В самом деле, «несовершенная и произвольная» система постановки диагнозов повлияет на жизнь одного из пяти взрослых американцев, которые в этом году заметят у себя симптомы психического заболевания. Сильнее всего это заденет 4 % американцев, которые борются с серьезными психическими заболеваниями[1], – их продолжительность жизни часто сокращается на 10–20 лет. Несмотря на весь прогресс в медицине – яркой иллюстрацией которого является моя история – самым больным из нас становится все хуже.

Даже если вы один из редких счастливчиков, в активности синапсов которых никогда не сомневались, это ограничение касается и вас. Оно определяет, как вы называете свои страдания, как вы сравниваете свое нестандартное поведение с поведением других, как вы понимаете самого себя. В конце концов, психиатры раньше звались алиенистами – такой термин передает не только оторванность этих врачей от остальной медицины и отчужденность их пациентов, но и их иное бытие[2]. «Безумие преследует воображение человека. Оно завораживает и пугает одновременно. Мало у кого есть иммунитет к его ужасам», – писал социолог Эндрю Скалл в своей книге «Безумие в цивилизации»[3]. «Оно бросает вызов нашему чувству того, где кончается человеческое». Нельзя отрицать, очень грустно видеть человека, живущего в иной реальности, хотя наука и доказывает, что создаваемые разумом карты миров совершенно уникальны. Каждый мозг интерпретирует окружающую действительность по-своему – ваш синий может быть не тем синим, что вижу я. И при этом мы боимся непредсказуемости психически больных. Они «иные». Этот страх происходит из пугающего осознания того, что какими бы здравомыслящими, здоровыми и нормальными мы себя ни считали, наша реальность тоже может быть искажена.

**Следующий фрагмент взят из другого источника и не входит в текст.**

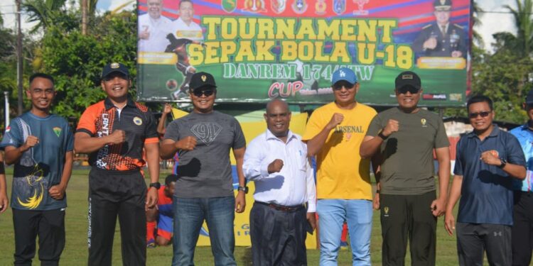 Merauke, bedanews.com — Komandan Korem 174/Anim Ti Waninggap Brigjen TNI E. Reza Pahlevi, S.E., membuka turnamen sepakbola Piala Danrem Cup yang diikuti 19 Tim U-18 dalam rangka HUT ke- 18 Korem 174/ATW dan memperingati Hari Juang TNI AD, berlangsung di lapangan sepak bola Makodim 1707/Merauke Provinsi Papua Selatan, Jumat (16/12/2022).

До двадцати четырех лет я знала о сумасшествии только из «Дневника Алисы»[4], который стащила, учась в начальной школе. Еще слышала о брате отчима с шизофренией и порой опускала глаза, проходя мимо бездомного, дерущегося с невидимыми врагами. Я столкнулась с безумием лицом к лицу, когда будучи газетным репортером брала в тюрьме интервью у знаменитого социопата, остроумие которого обеспечило прекрасный тираж. Психические заболевания хороши и в кино: в «Играх разума» Рассел Кроу играет гениального математика Джона Нэша, записывая уравнения на доске, а в «Прерванной жизни» пограничное расстройство личности переживает сексуальная героиня Вайноны Райдер. Как будто это какой-то вдохновляющий, мучительный, но утонченный закрытый клуб.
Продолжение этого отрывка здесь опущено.